── Records to use
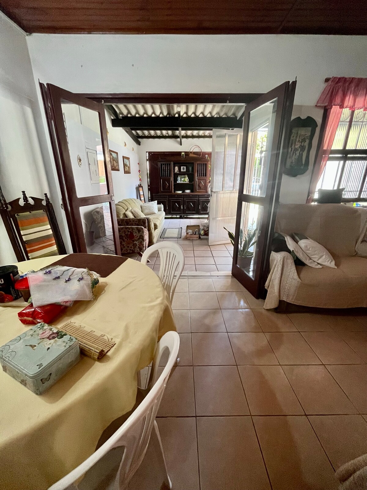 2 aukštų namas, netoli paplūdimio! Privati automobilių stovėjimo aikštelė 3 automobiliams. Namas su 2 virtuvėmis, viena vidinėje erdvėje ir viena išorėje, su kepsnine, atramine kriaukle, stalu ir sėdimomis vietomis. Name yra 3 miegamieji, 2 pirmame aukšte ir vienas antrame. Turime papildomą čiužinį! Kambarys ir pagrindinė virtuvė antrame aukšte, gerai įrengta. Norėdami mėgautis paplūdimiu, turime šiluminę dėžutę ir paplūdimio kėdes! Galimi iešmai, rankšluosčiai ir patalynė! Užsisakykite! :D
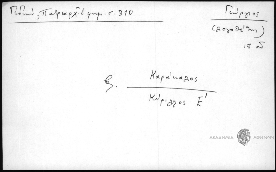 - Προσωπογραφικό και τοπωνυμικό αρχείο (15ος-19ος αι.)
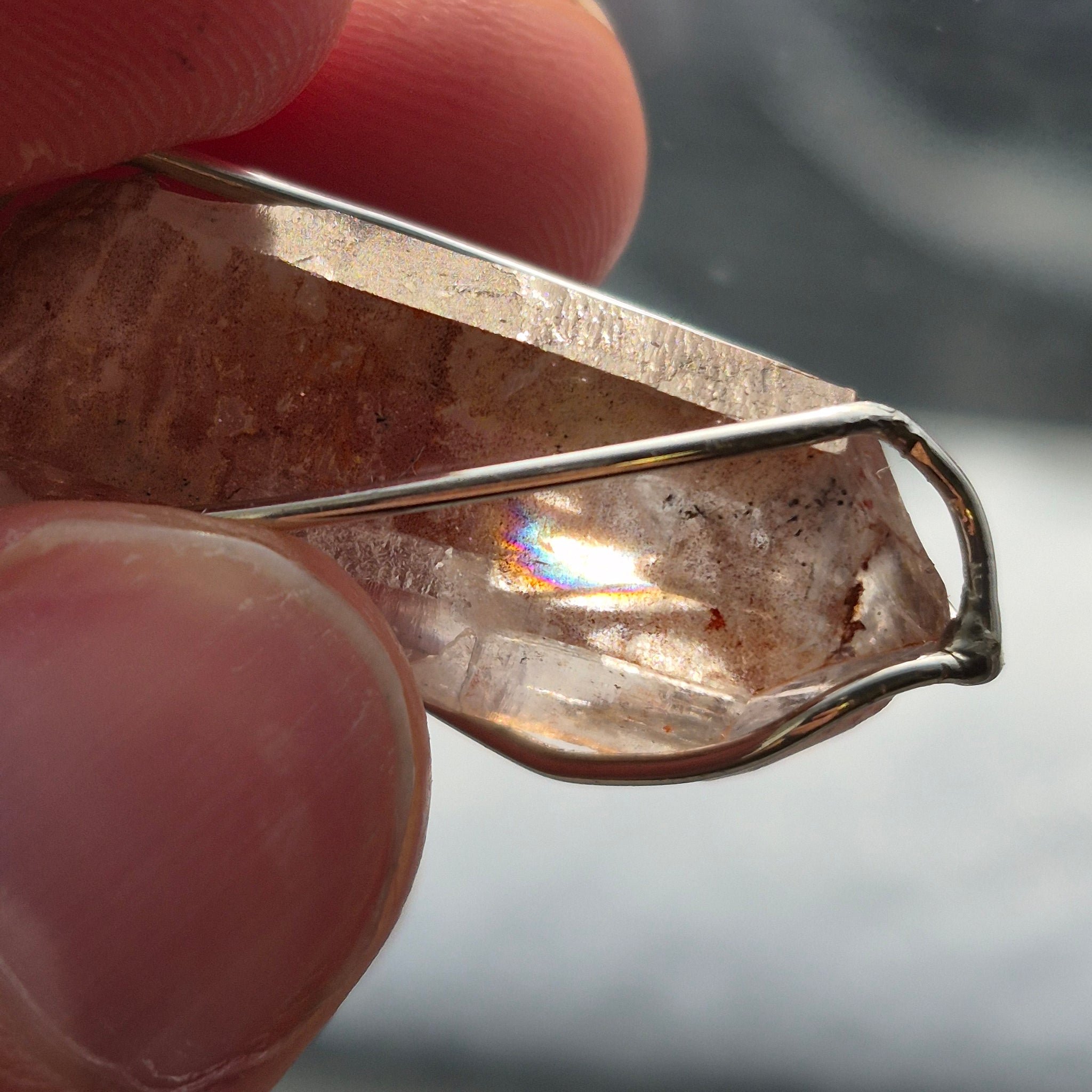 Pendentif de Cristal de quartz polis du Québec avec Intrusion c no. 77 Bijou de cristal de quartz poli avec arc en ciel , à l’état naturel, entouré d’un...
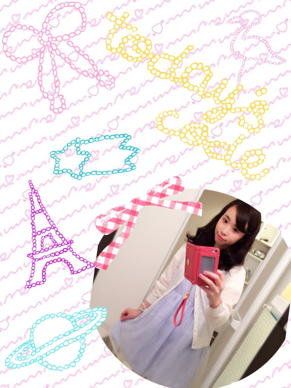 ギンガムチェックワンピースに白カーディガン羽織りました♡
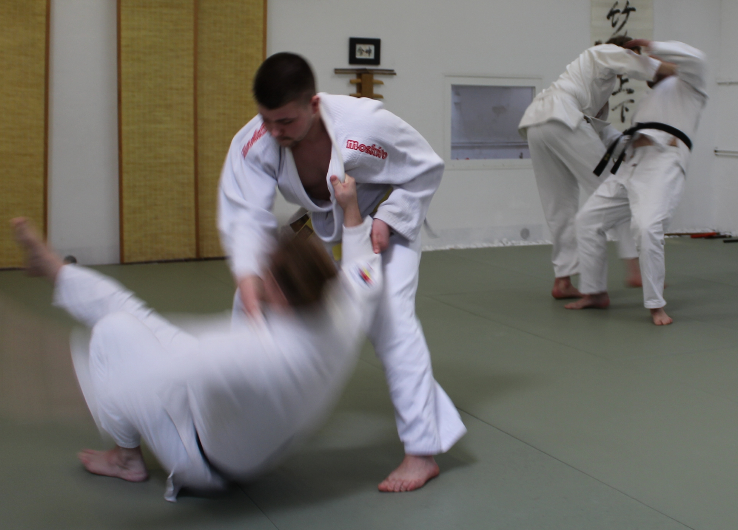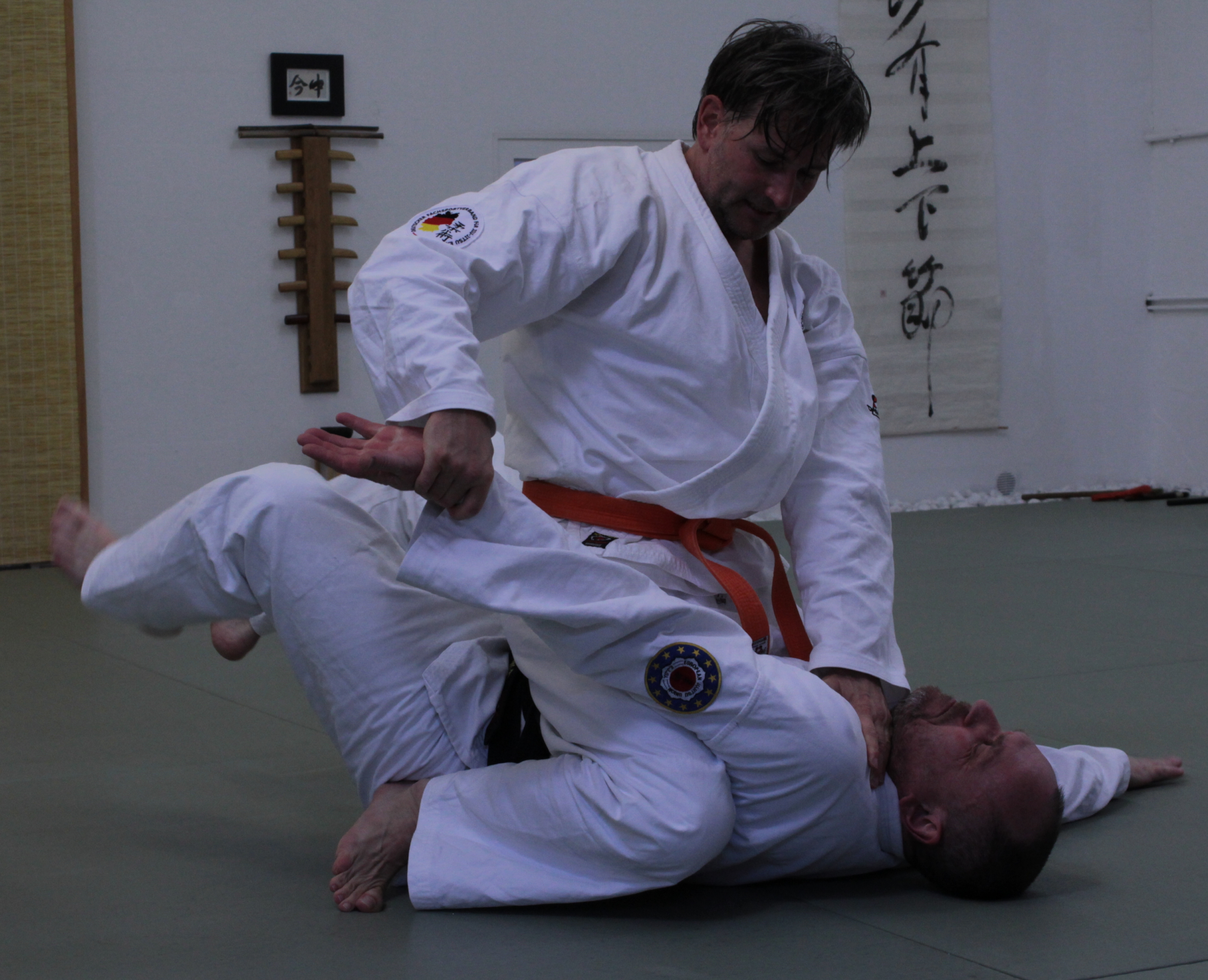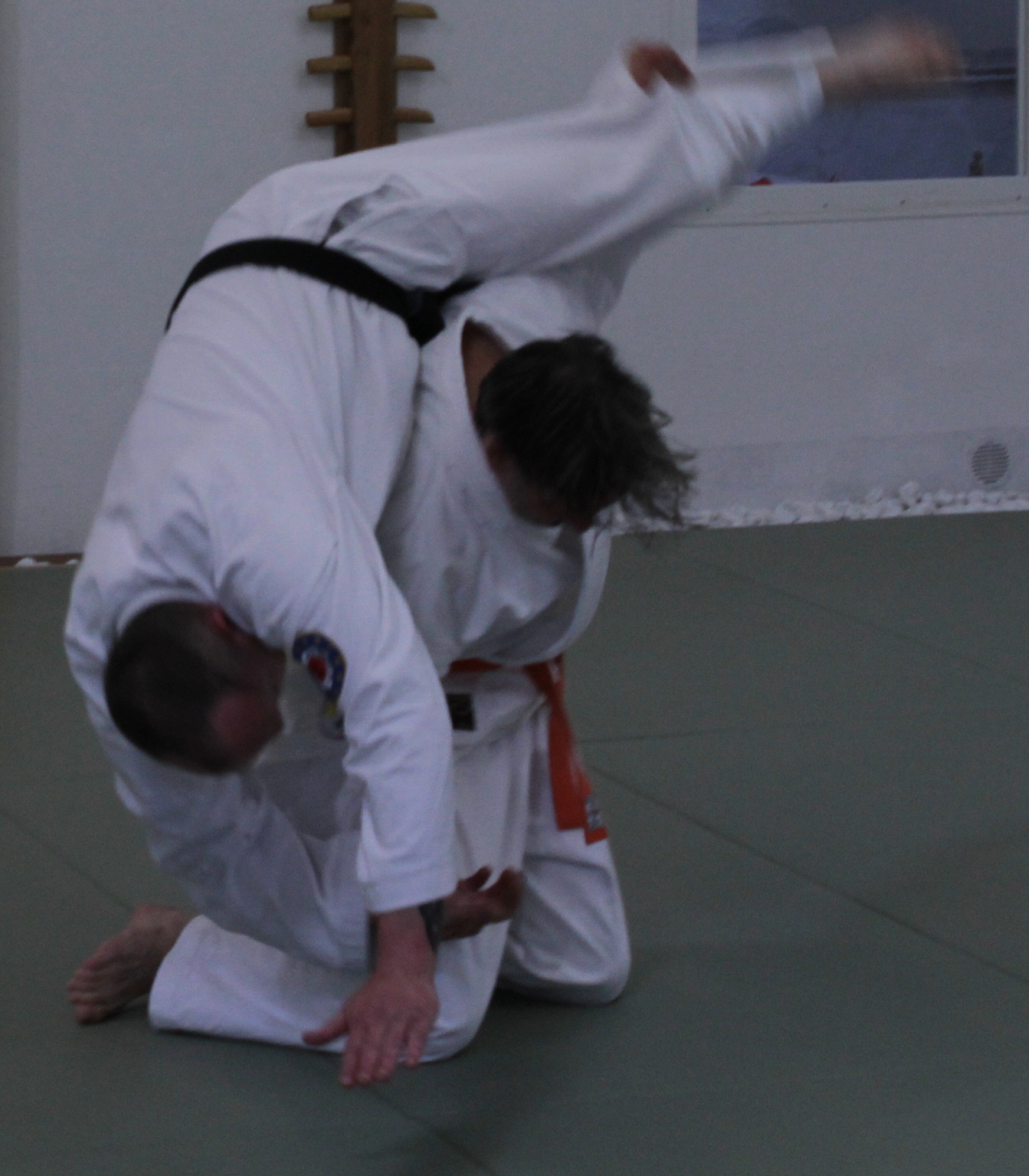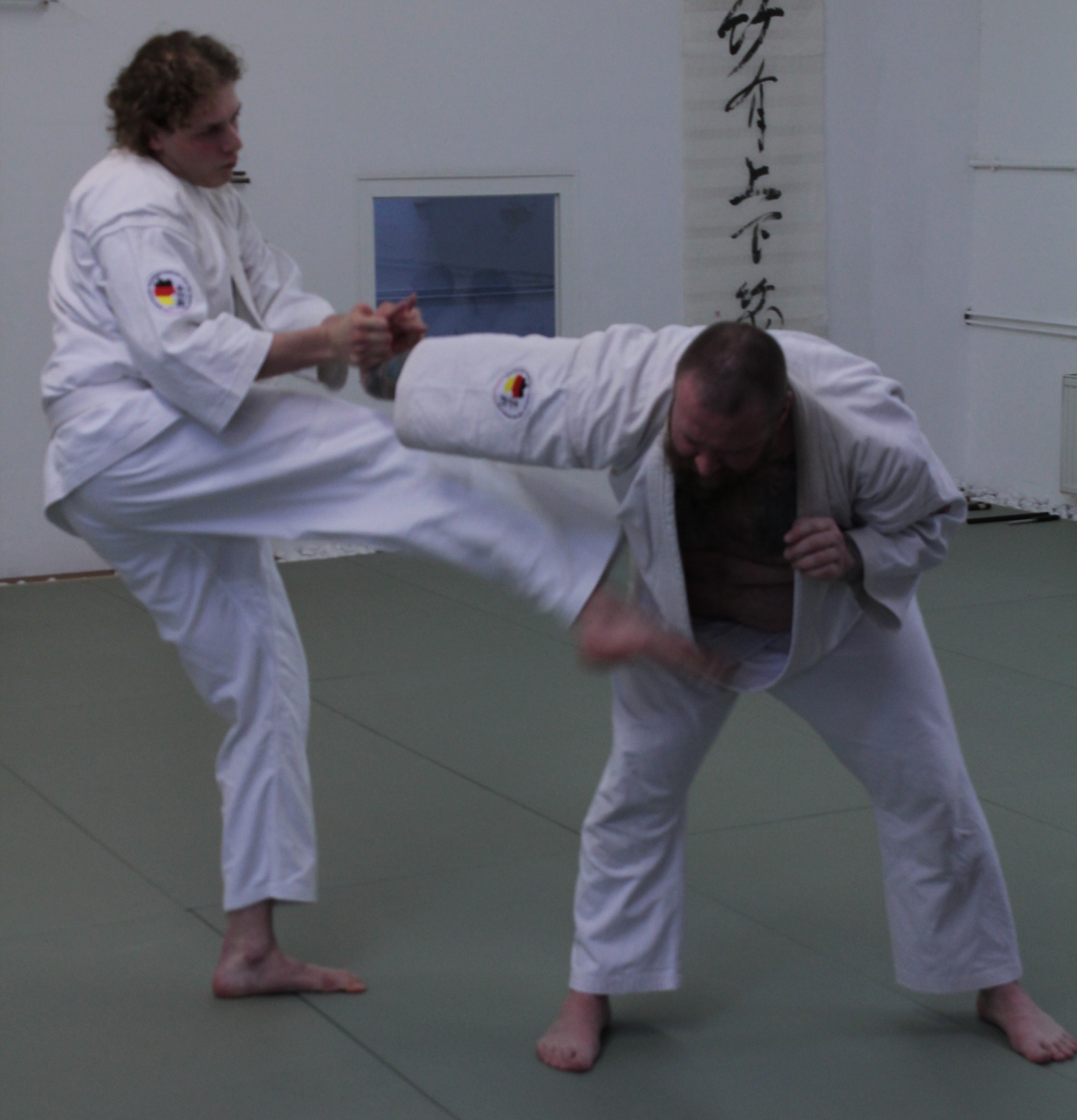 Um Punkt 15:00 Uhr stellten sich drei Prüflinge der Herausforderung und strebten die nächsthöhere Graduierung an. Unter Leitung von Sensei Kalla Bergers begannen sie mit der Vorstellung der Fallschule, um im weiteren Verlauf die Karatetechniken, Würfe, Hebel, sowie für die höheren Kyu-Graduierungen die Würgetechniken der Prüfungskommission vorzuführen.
────
_About this exercise_
Starting from the first line of the entries above, print each line exactly until the line containing "ギンガムチェックワンピースに白カーディガン羽織りました♡" has been printed, and skip the pictures.

_Output for this task_
 2 aukštų namas, netoli paplūdimio! Privati automobilių stovėjimo aikštelė 3 automobiliams. Namas su 2 virtuvėmis, viena vidinėje erdvėje ir viena išorėje, su kepsnine, atramine kriaukle, stalu ir sėdimomis vietomis. Name yra 3 miegamieji, 2 pirmame aukšte ir vienas antrame. Turime papildomą čiužinį! Kambarys ir pagrindinė virtuvė antrame aukšte, gerai įrengta. Norėdami mėgautis paplūdimiu, turime šiluminę dėžutę ir paplūdimio kėdes! Galimi iešmai, rankšluosčiai ir patalynė! Užsisakykite! :D
 - Προσωπογραφικό και τοπωνυμικό αρχείο (15ος-19ος αι.)
 Pendentif de Cristal de quartz polis du Québec avec Intrusion c no. 77 Bijou de cristal de quartz poli avec arc en ciel , à l’état naturel, entouré d’un...
 ギンガムチェックワンピースに白カーディガン羽織りました♡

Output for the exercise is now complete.